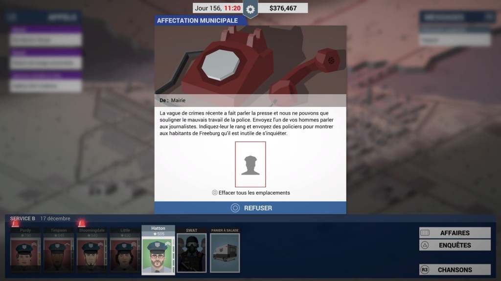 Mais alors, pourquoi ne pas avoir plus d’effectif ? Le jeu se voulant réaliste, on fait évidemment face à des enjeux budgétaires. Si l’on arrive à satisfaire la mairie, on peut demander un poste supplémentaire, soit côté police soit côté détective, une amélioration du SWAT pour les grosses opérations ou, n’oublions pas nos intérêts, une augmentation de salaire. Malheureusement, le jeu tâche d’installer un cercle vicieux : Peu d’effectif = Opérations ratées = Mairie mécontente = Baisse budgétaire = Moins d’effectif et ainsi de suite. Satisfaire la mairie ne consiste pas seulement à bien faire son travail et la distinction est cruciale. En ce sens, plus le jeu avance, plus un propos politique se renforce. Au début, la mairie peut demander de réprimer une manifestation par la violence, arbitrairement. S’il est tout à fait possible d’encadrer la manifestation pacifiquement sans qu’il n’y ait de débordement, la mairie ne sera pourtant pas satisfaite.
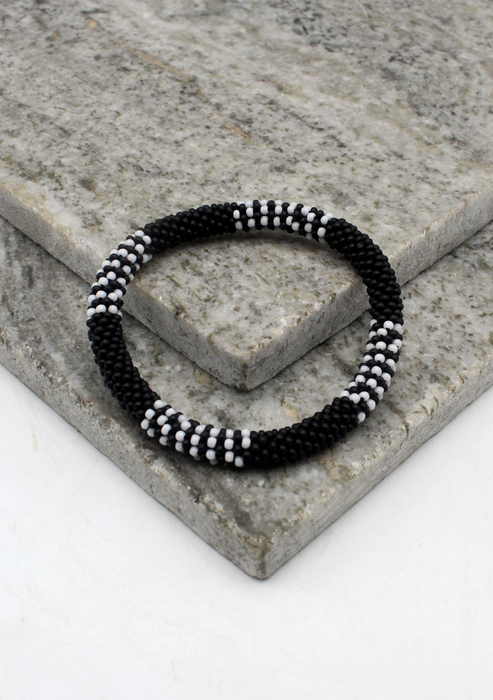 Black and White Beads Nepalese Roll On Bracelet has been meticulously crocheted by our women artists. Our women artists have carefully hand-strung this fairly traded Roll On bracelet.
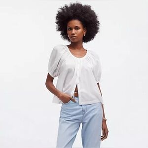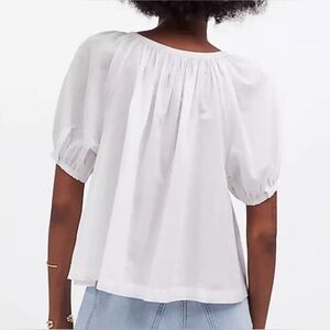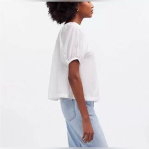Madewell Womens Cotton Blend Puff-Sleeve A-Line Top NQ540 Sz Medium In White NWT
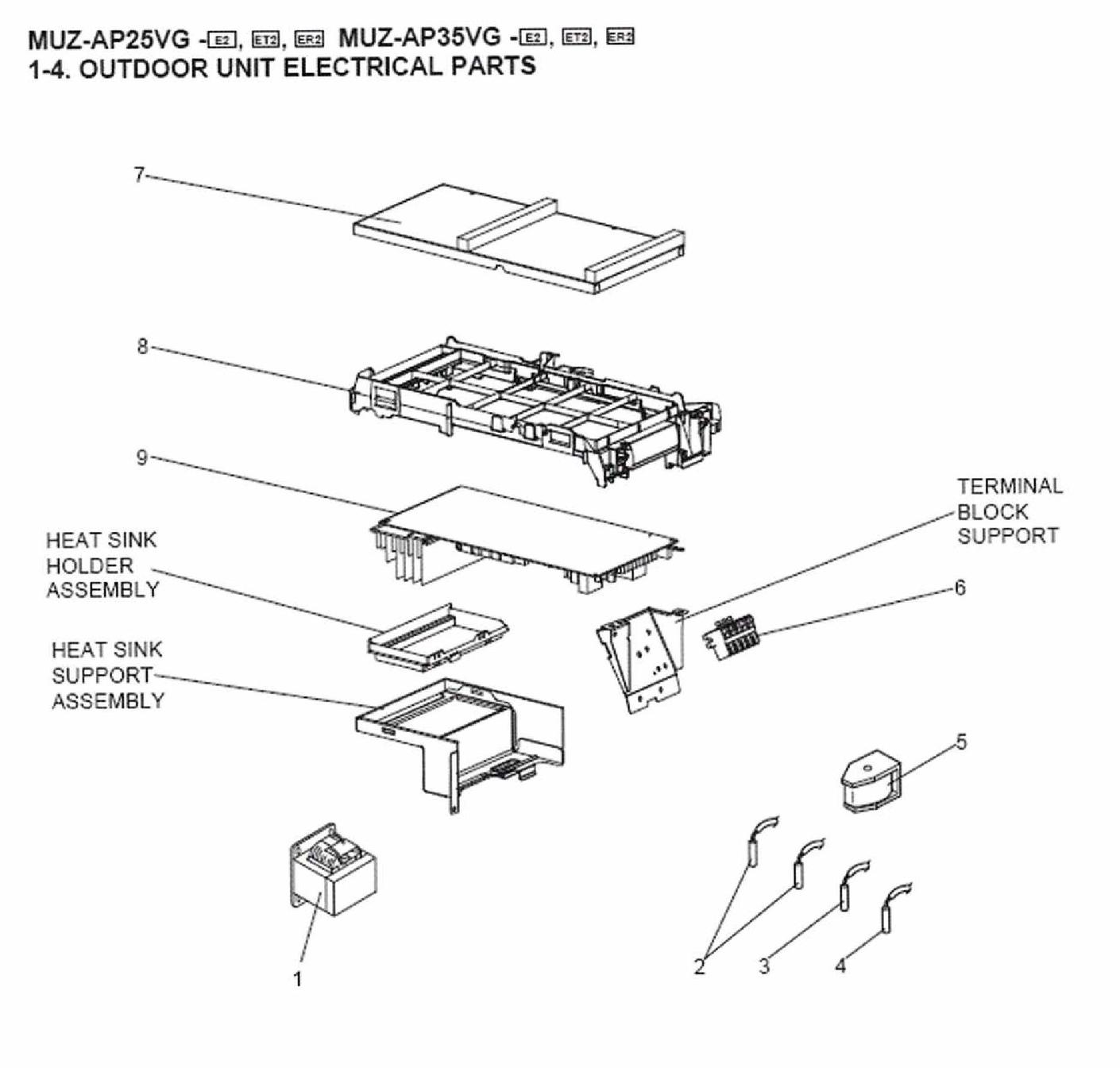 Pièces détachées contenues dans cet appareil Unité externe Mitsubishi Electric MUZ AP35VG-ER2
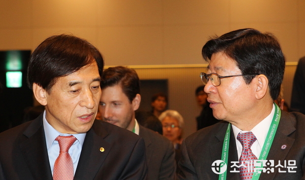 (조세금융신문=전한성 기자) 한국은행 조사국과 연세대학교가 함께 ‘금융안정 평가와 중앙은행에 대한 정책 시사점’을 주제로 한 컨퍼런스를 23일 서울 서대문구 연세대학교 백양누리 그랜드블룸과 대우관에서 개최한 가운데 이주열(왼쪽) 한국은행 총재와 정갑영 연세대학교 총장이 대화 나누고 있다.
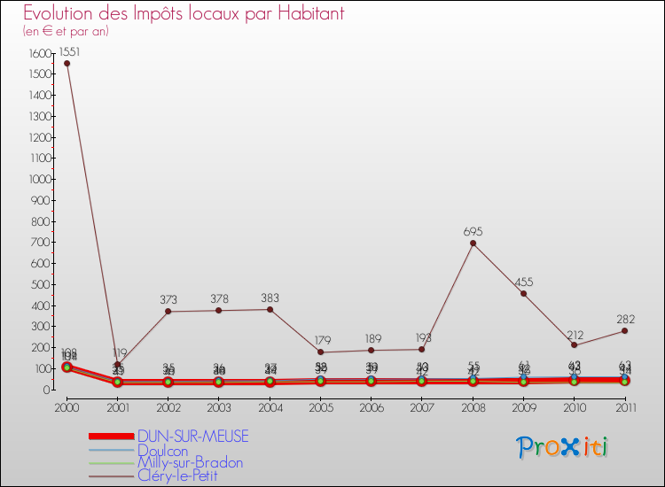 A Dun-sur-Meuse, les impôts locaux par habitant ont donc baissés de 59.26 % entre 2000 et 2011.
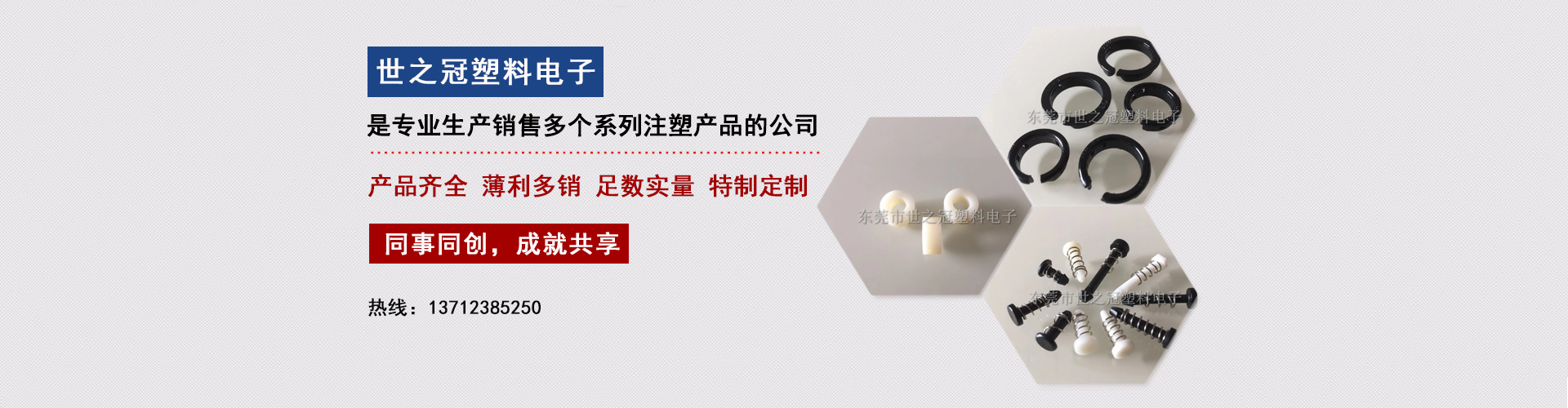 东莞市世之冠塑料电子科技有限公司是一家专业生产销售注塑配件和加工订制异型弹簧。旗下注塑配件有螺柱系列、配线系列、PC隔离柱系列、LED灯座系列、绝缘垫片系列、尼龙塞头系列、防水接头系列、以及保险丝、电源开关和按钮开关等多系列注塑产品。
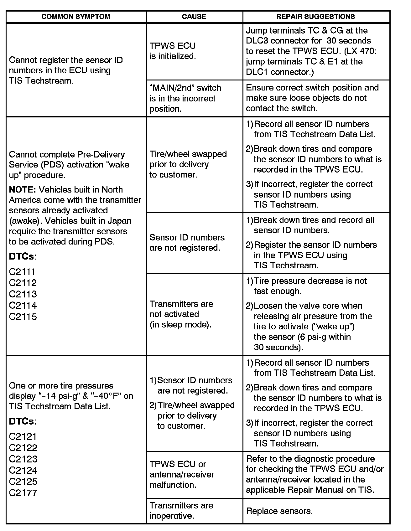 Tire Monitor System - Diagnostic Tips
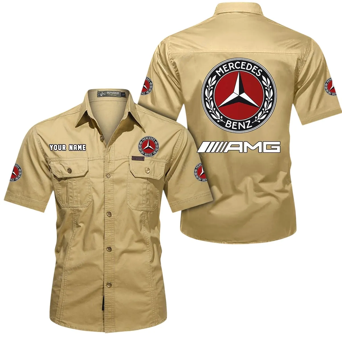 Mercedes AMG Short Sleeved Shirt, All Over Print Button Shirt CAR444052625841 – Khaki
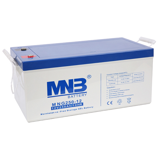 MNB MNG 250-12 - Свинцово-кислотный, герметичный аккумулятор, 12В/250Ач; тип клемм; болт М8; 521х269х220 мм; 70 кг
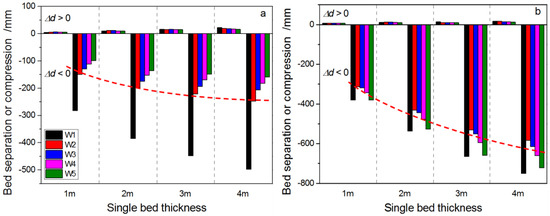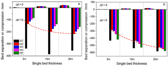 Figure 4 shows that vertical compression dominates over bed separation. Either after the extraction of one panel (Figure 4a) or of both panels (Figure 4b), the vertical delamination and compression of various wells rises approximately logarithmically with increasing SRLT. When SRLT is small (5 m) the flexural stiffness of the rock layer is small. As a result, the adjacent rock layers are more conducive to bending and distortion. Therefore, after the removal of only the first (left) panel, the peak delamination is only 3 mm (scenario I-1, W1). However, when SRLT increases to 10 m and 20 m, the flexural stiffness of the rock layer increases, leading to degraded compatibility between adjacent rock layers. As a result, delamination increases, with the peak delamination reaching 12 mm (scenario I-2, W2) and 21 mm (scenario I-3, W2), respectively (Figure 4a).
══════════
- **Aim of the exercise**
The listing above should be transcribed word for word, with its pictures left out.

- **Reply**
 Mais alors, pourquoi ne pas avoir plus d’effectif ? Le jeu se voulant réaliste, on fait évidemment face à des enjeux budgétaires. Si l’on arrive à satisfaire la mairie, on peut demander un poste supplémentaire, soit côté police soit côté détective, une amélioration du SWAT pour les grosses opérations ou, n’oublions pas nos intérêts, une augmentation de salaire. Malheureusement, le jeu tâche d’installer un cercle vicieux : Peu d’effectif = Opérations ratées = Mairie mécontente = Baisse budgétaire = Moins d’effectif et ainsi de suite. Satisfaire la mairie ne consiste pas seulement à bien faire son travail et la distinction est cruciale. En ce sens, plus le jeu avance, plus un propos politique se renforce. Au début, la mairie peut demander de réprimer une manifestation par la violence, arbitrairement. S’il est tout à fait possible d’encadrer la manifestation pacifiquement sans qu’il n’y ait de débordement, la mairie ne sera pourtant pas satisfaite.
 Black and White Beads Nepalese Roll On Bracelet has been meticulously crocheted by our women artists. Our women artists have carefully hand-strung this fairly traded Roll On bracelet.
Madewell Womens Cotton Blend Puff-Sleeve A-Line Top NQ540 Sz Medium In White NWT
 Pièces détachées contenues dans cet appareil Unité externe Mitsubishi Electric MUZ AP35VG-ER2
 (조세금융신문=전한성 기자) 한국은행 조사국과 연세대학교가 함께 ‘금융안정 평가와 중앙은행에 대한 정책 시사점’을 주제로 한 컨퍼런스를 23일 서울 서대문구 연세대학교 백양누리 그랜드블룸과 대우관에서 개최한 가운데 이주열(왼쪽) 한국은행 총재와 정갑영 연세대학교 총장이 대화 나누고 있다.
 A Dun-sur-Meuse, les impôts locaux par habitant ont donc baissés de 59.26 % entre 2000 et 2011.
 东莞市世之冠塑料电子科技有限公司是一家专业生产销售注塑配件和加工订制异型弹簧。旗下注塑配件有螺柱系列、配线系列、PC隔离柱系列、LED灯座系列、绝缘垫片系列、尼龙塞头系列、防水接头系列、以及保险丝、电源开关和按钮开关等多系列注塑产品。
 Tire Monitor System - Diagnostic Tips
 Mercedes AMG Short Sleeved Shirt, All Over Print Button Shirt CAR444052625841 – Khaki
 MNB MNG 250-12 - Свинцово-кислотный, герметичный аккумулятор, 12В/250Ач; тип клемм; болт М8; 521х269х220 мм; 70 кг
 Figure 4 shows that vertical compression dominates over bed separation. Either after the extraction of one panel (Figure 4a) or of both panels (Figure 4b), the vertical delamination and compression of various wells rises approximately logarithmically with increasing SRLT. When SRLT is small (5 m) the flexural stiffness of the rock layer is small. As a result, the adjacent rock layers are more conducive to bending and distortion. Therefore, after the removal of only the first (left) panel, the peak delamination is only 3 mm (scenario I-1, W1). However, when SRLT increases to 10 m and 20 m, the flexural stiffness of the rock layer increases, leading to degraded compatibility between adjacent rock layers. As a result, delamination increases, with the peak delamination reaching 12 mm (scenario I-2, W2) and 21 mm (scenario I-3, W2), respectively (Figure 4a).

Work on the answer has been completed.